This dataset was used to force the model assuming all precipitation is large scale (uniformly distributed over the grid cell), 70% of the solar radiation is direct beam, 30% is diffuse, and solar radiation is evenly split into visible and near-infrared wavelengths. Observations of incident longwave were missing from 1 January to about 17 January 1994. These missing values were calculated from air temperature. Each hourly observation was repeated once to run the model at a 30-min time step. The model was run for four years, starting on 1 January 1994, by repeating the 1994 atmospheric forcing. The first three years were discarded for spinup from an arbitrary initialization of all temperatures to 10°C, soil water to 0.3 mm3 mm−3, and no snow.
c. Land surface data
A 1-km soil texture dataset was used to determine a dominant soil texture type for each hydromet grid cell (Shields et al. 1991). Thirty-eight soil texture classes were reduced to the sand, silt, and clay fractions for the 11 soil texture types of Cosby et al. (1984) and a 12th texture type defined as organic matter. A dominant soil texture type was chosen by computing the relative proportions of each of the 12 soil texture types within each grid cell. The model was modified to account for the effects of organic matter on soil hydraulic and thermal properties. Unfrozen and frozen thermal and hydraulic properties were determined from values for peat given by Dickinson (1997), Oke (1987), and Pielke (1984). Currently, the organic matter fraction is set to either 100% or 0% according to the soil texture map. Soil color was set to an intermediate value between light and dark for the region [color class 4; see Table 10 of Bonan (1996)]. These datasets were used to provide soil texture and color for all three experiments.

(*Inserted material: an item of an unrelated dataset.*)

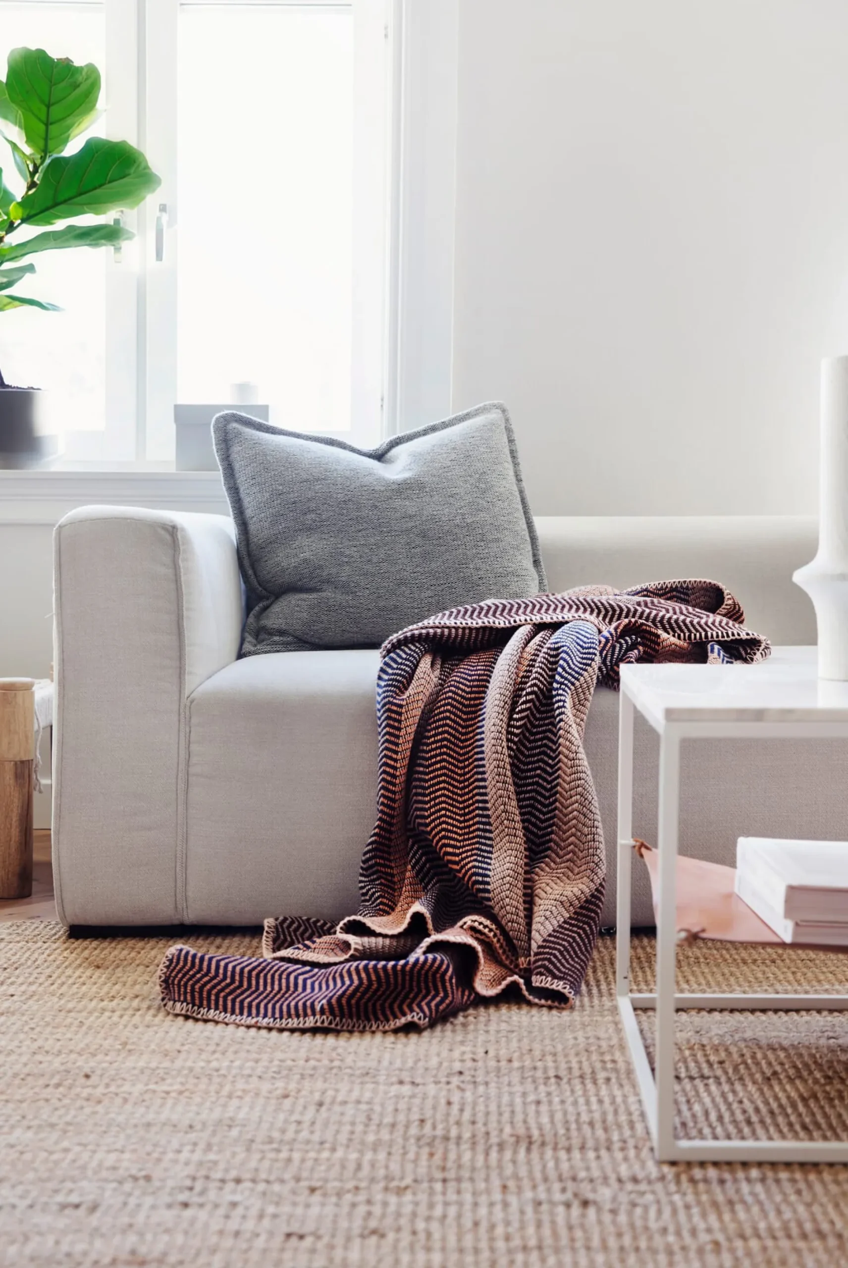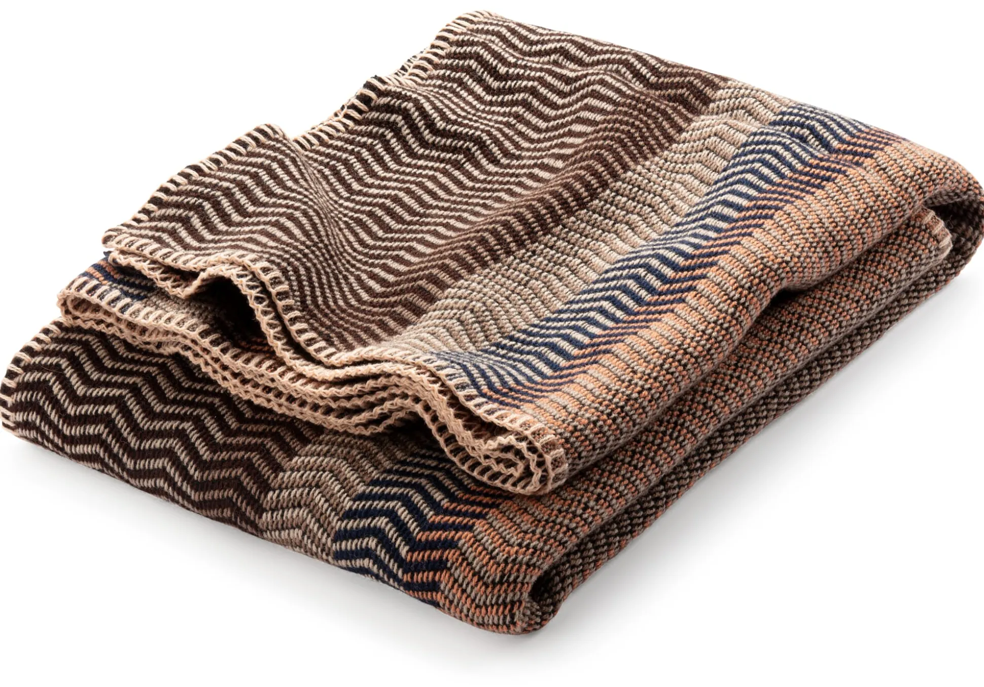- Dezenter Farbrhythmus aus zickzackförmigen Streifen in warmen Naturtönen

The 1-km Advanced Very High Resolution Radiometer (AVHRR) BOREAS land-cover map of Steyaert et al. (1997) was used to assign a single dominant NCAR LSM surface type to each hydromet grid cell for the ECON experiment. The land-cover classes defined at 1-km resolution were first translated to model surface types using the provided land-cover type descriptions. A single surface type was then determined for each grid cell by reprojecting the 1-km land-cover data to the hydromet grid and selecting the dominant type by area. This surface type was used in the model to determine the PFTs in the grid cell and their LAI from prescribed lookup tables (e.g., Table 1). Fractions of each grid cell occupied by water and wetlands were also determined.
In the EPFT and EPFTLAI experiments, the vegetation composition (i.e., the number of PFTs and their abundance) and structure (i.e., LAI) of each grid cell varied based on high-resolution data. The 1-km Steyaert et al. land-cover data were used to calculate the fractional areas of lakes, wetlands, and PFTs occurring within each grid cell. Each pixel was assigned an NCAR LSM surface type, which provided the PFTs and their relative abundance for that pixel (Table 1). The data were then aggregated to the hydromet grid. The model was modified to accommodate up to six PFTs within each grid cell (the maximum number occurring in any grid cell) plus lake and wetland fractions for a total of up to eight subgrid patches.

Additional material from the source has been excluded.